In their thorough research, HCN found that 10.7 million acres were taken from 250 tribes, bands, or communities in 160 land cessions that used or implied violence. That land was turned into college endowments, which remain on the universities' books today. And 12 states still have the actual land in their possession, including mineral rights that are producing current revenue.

In total, the U.S. paid $400,000 for all of the land, though a quarter of it was taken for nothing. How did that relatively modest amount of money pay off? Even by the early 20th century, the "land grants" had created $17.7 million for the universities' endowments. HCN estimates that, adjusted for inflation, the land was worth half a billion dollars when it was taken at that low price.

Chances are you have heard land acknowledgements recited at many of these universities, formal statements that recognize the Indigenous peoples who formerly possessed the lands those colleges now stand on. What many of these statements miss is that land-grant universities were built not just *on* Indigenous land, but *with* Indigenous land. It’s a common misconception, for instance, that the Morrill Act grants were used only for campuses. In fact, the grants were as big or bigger than major cities, and were often located hundreds or even thousands of miles away from their beneficiaries.

In Minnesota, land taken in the coerced 1851 Dakota Cession was appraised at $5–10 an acre, though the Dakota were paid less than 2.4¢ per acre. Some of it was assigned to the University of Minnesota in 1868, and it was money from this sale that brought the University back to life after it closed because of debt during the Civil War:

For every dollar the United States claims to have spent to purchase Dakota title, the Morrill Act heaped $250 into the University of Minnesota’s coffers — a return of 250 to 1. As a result of exile and war, many Dakota live today in communities in South Dakota, North Dakota, Nebraska, Manitoba, Saskatchewan, Montana and Minnesota. In fiscal year 2019, the University of Minnesota’s endowment was valued at $2.5 billion.

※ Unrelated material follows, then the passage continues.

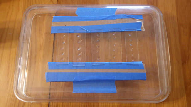 Mientras se hornean sus primeras gotas, preparar una configuración como unas tiras de cartón corrugado con cinta a la parte inferior de un plato horno Pyrex invertida para permitir que los bancos las diapositivas para crear colgantes gotas. Las tiras deben ser lo suficientemente espesa al comedor gotas para colgar. Después de sus primeras gotas se han enfriado, establecer la derecha de diapositivas utilizando las tiras para apoyar sus fines. Colocar una segunda gota sobre cada una de las primeras gotas curadas en una diapositiva. Deje que estas gotas repartidas para casi cubrir la primera gota. Luego invertir la diapositiva de modo que cuelguen las nuevas gotas gotas. Repita con cada diapositiva. Hornear como en el paso 3 y saque para enfriar.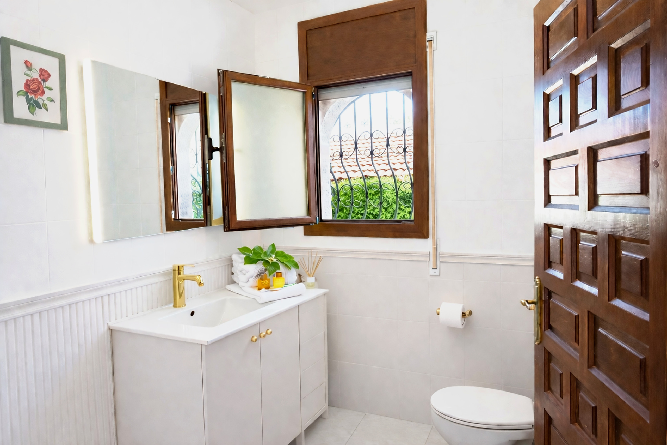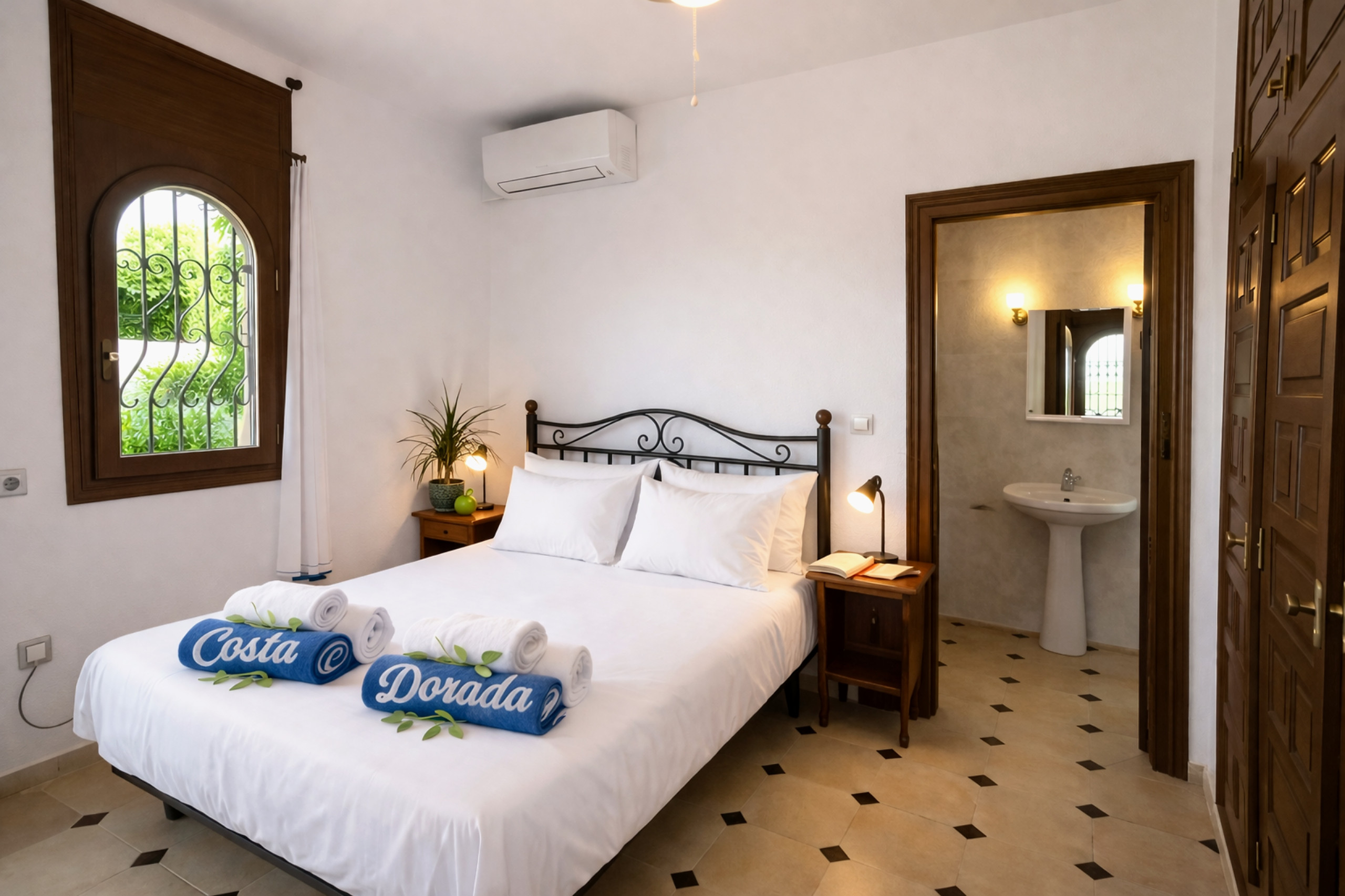 La vivienda está pensada para convivir cómodamente: tres dormitorios bien distribuidos, tres baños completos (dos con ducha y uno con bañera), cocina equipada y aire acondicionado en todas las estancias para los días más cálidos.

And it wasn't just the University of Minnesota that benefited from that Dakota land:

No other Indigenous cession provided land to more universities. Nearly 830,000 acres from this treaty — an area almost three times the size of Los Angeles — would help fund the endowment of 35 land-grant universities. Mni Sota Makoce furnished one out of every 13 acres redistributed under the Morrill Act.

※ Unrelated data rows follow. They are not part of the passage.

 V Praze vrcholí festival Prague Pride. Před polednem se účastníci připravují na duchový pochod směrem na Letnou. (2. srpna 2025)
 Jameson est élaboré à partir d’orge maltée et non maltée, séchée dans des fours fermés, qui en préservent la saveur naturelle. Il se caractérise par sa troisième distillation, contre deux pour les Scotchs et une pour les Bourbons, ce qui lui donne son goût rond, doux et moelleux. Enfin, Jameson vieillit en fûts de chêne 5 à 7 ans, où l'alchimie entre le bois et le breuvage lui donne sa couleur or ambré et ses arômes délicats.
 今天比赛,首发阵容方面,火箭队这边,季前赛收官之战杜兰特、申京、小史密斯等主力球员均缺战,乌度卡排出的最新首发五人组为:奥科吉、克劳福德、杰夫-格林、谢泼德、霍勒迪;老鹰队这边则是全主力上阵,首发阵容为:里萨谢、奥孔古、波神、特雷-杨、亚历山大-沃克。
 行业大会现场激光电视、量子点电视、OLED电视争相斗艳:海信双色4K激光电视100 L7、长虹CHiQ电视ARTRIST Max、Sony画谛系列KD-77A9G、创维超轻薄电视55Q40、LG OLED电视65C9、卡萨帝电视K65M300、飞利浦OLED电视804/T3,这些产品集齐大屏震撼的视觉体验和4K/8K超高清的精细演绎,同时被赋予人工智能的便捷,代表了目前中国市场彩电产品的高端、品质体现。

The other thing that stuck out for me in the HCN report was how much Cornell University benefited. While some other universities came close in how much acreage they got (Penn State, Ohio State), Cornell made by far the most money, the majority of it from land in the San Joaquin Valley in California.

So when any of us thinks of all the things that land grab universities have accomplished, the "economic engines" they have been in our states, we have to remember that they are built on this. They would not be what they are without this. The University of Minnesota, for instance, might not exist, and definitely would not have existed for as long and in the same form, if it hadn't had that money.

Meanwhile, we have elected representatives in our state — and in control of our State Senate — who won't even have a conversation about using the Dakota word for the name of the confluence between the Minnesota and Mississippi Rivers on a building. Or about removing a painting at the State Capitol that commemorates the signing of the 1851 coerced treaty that took all that land away from the Dakota.

Yet this and the forced labor and torture of slavery are the sine qua nons of this country — wealth built through enslavement and stolen land. So forces of the Right are in a pitched battle to deny that neither one is true, or if true in some small way, that they have no real significance compared to what they think is the much larger story of white male ingenuity and individual bootstrapism. 

The rest of us need to keep telling the stories, as HCN did, and amplifying other people who tell them from their own experience. And vote the people out who deny them.